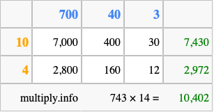 Below is an illustration showing you how to calculate 743 times 14 using the box method, using the instructions above.
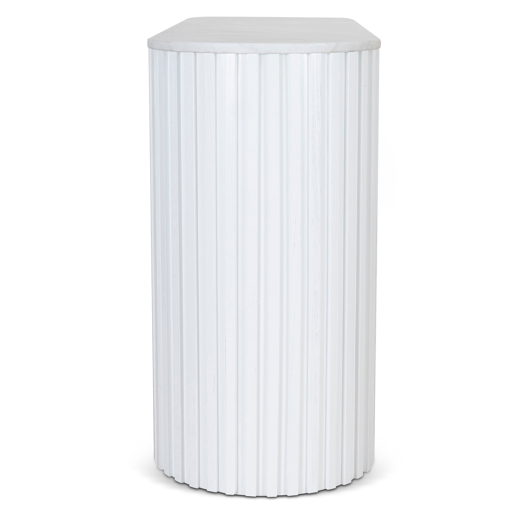 Introducing the 1.5m Marvel Console Table - White, a true reflection of modern luxury for your living space.Marble top surface Solid elm wood legs with plywood natural veneer Bold cylindrical leg design Elegant sculptural feel Ribbed structure for a robust grounded look Stylish and versatile for various styles Weight Capacity: 150 kg Product comes fully assembled Note: Our marble table tops are a natural stone that each have their own unique imperfections and characteristics. Any variations in colour, texture, polish and pattern are not a fault and should be appreciated. Please note that polished marble is porous, so contact with liquids or hot beverages may cause the marble to mark. Make sure to wipe away any spills immediately using water or a mild cleaner. We recommend the use of placemats and coasters to further protect the integrity of the marble.150cm (W) x 45cm (D) x 85cm (H) Leg: 27.5cm (W) x 65.4cm (H) Distance between Legs: 95cmBox 1/1: 156cmx51cmx92cm, 71kg, 0.732cbm
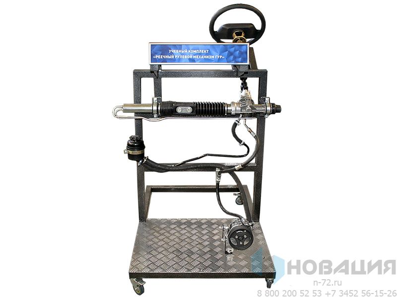 Стенд в напольном исполнении оснащается рулевым механизмом, который подготовлен к разборке и сборке. Рулевая система вращается. С помощью учебного комплекта пользователь изучает принципы функционирования автомобиля, техническое обслуживание, диагностирование.
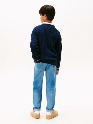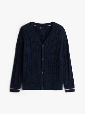 Die Schule ruft – und dieser klassische Zopfmuster-Cardigan aus reiner Baumwolle mit Tommy-Tape steht bereit.
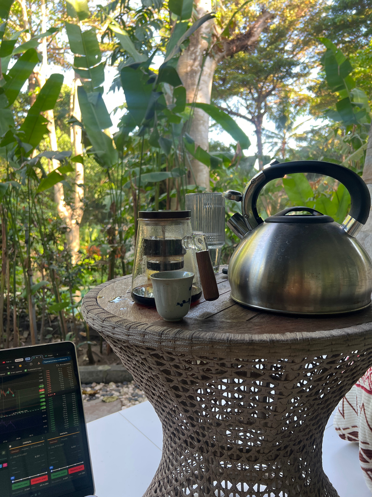This outdoor scene, likely captured in North Kuta, Indonesia, depicts a tranquil yet active setting dominated by a tropical green backdrop. On a woven rattan table with a wooden top, several objects a…read more
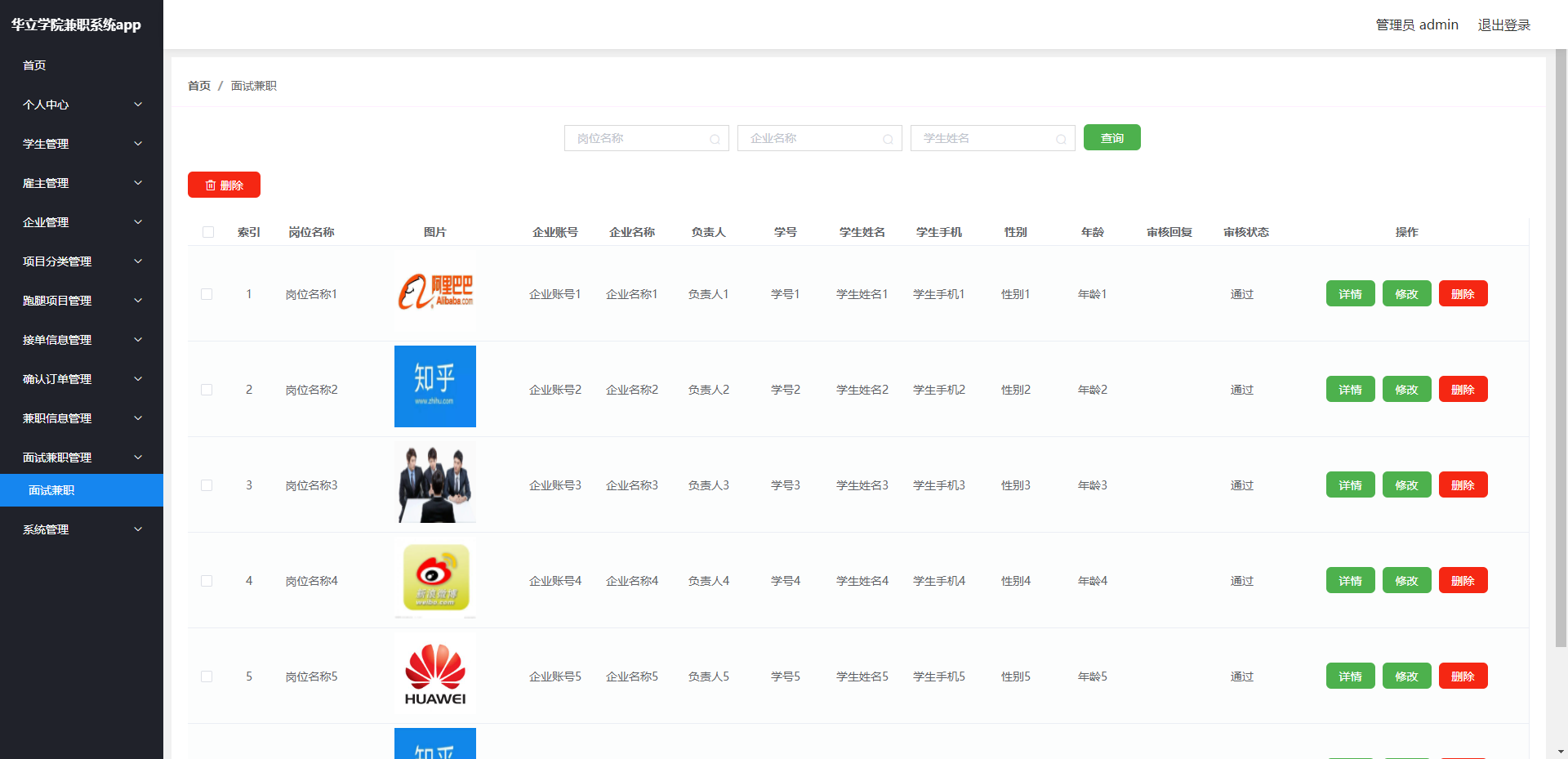 管理员:首页、个人中心、学生管理、雇主管理、企业管理、项目分类管理、跑腿项目管理、 接单信息管理、确认订单管理、兼职信息管理、面试兼职管理、系统管理等
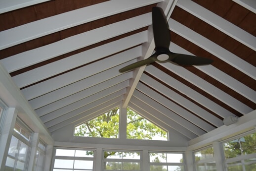 At Archadeck of Raleigh-Durham, details are what make our projects top notch. Notice that the exterior siding on the knee wall matches the siding on the home perfectly, making this 3-season room look original to the home. We also wrapped the columns with AZEK PVC to match the existing white trim of the home and keep with the low-maintenance goals of the homeowners. Eze-Breeze windows and a ceiling fan add to the comfort of the space, no matter what the weather brings.

▶ _Task objective_
An exact copy is required of the lines from the start of the records above through the line with "管理员:首页、个人中心、学生", and only those, without any pictures.

▶ _Solution to this task_
 Below is an illustration showing you how to calculate 743 times 14 using the box method, using the instructions above.
 Introducing the 1.5m Marvel Console Table - White, a true reflection of modern luxury for your living space.Marble top surface Solid elm wood legs with plywood natural veneer Bold cylindrical leg design Elegant sculptural feel Ribbed structure for a robust grounded look Stylish and versatile for various styles Weight Capacity: 150 kg Product comes fully assembled Note: Our marble table tops are a natural stone that each have their own unique imperfections and characteristics. Any variations in colour, texture, polish and pattern are not a fault and should be appreciated. Please note that polished marble is porous, so contact with liquids or hot beverages may cause the marble to mark. Make sure to wipe away any spills immediately using water or a mild cleaner. We recommend the use of placemats and coasters to further protect the integrity of the marble.150cm (W) x 45cm (D) x 85cm (H) Leg: 27.5cm (W) x 65.4cm (H) Distance between Legs: 95cmBox 1/1: 156cmx51cmx92cm, 71kg, 0.732cbm
 Стенд в напольном исполнении оснащается рулевым механизмом, который подготовлен к разборке и сборке. Рулевая система вращается. С помощью учебного комплекта пользователь изучает принципы функционирования автомобиля, техническое обслуживание, диагностирование.
 Die Schule ruft – und dieser klassische Zopfmuster-Cardigan aus reiner Baumwolle mit Tommy-Tape steht bereit.
This outdoor scene, likely captured in North Kuta, Indonesia, depicts a tranquil yet active setting dominated by a tropical green backdrop. On a woven rattan table with a wooden top, several objects a…read more
 管理员:首页、个人中心、学生管理、雇主管理、企业管理、项目分类管理、跑腿项目管理、 接单信息管理、确认订单管理、兼职信息管理、面试兼职管理、系统管理等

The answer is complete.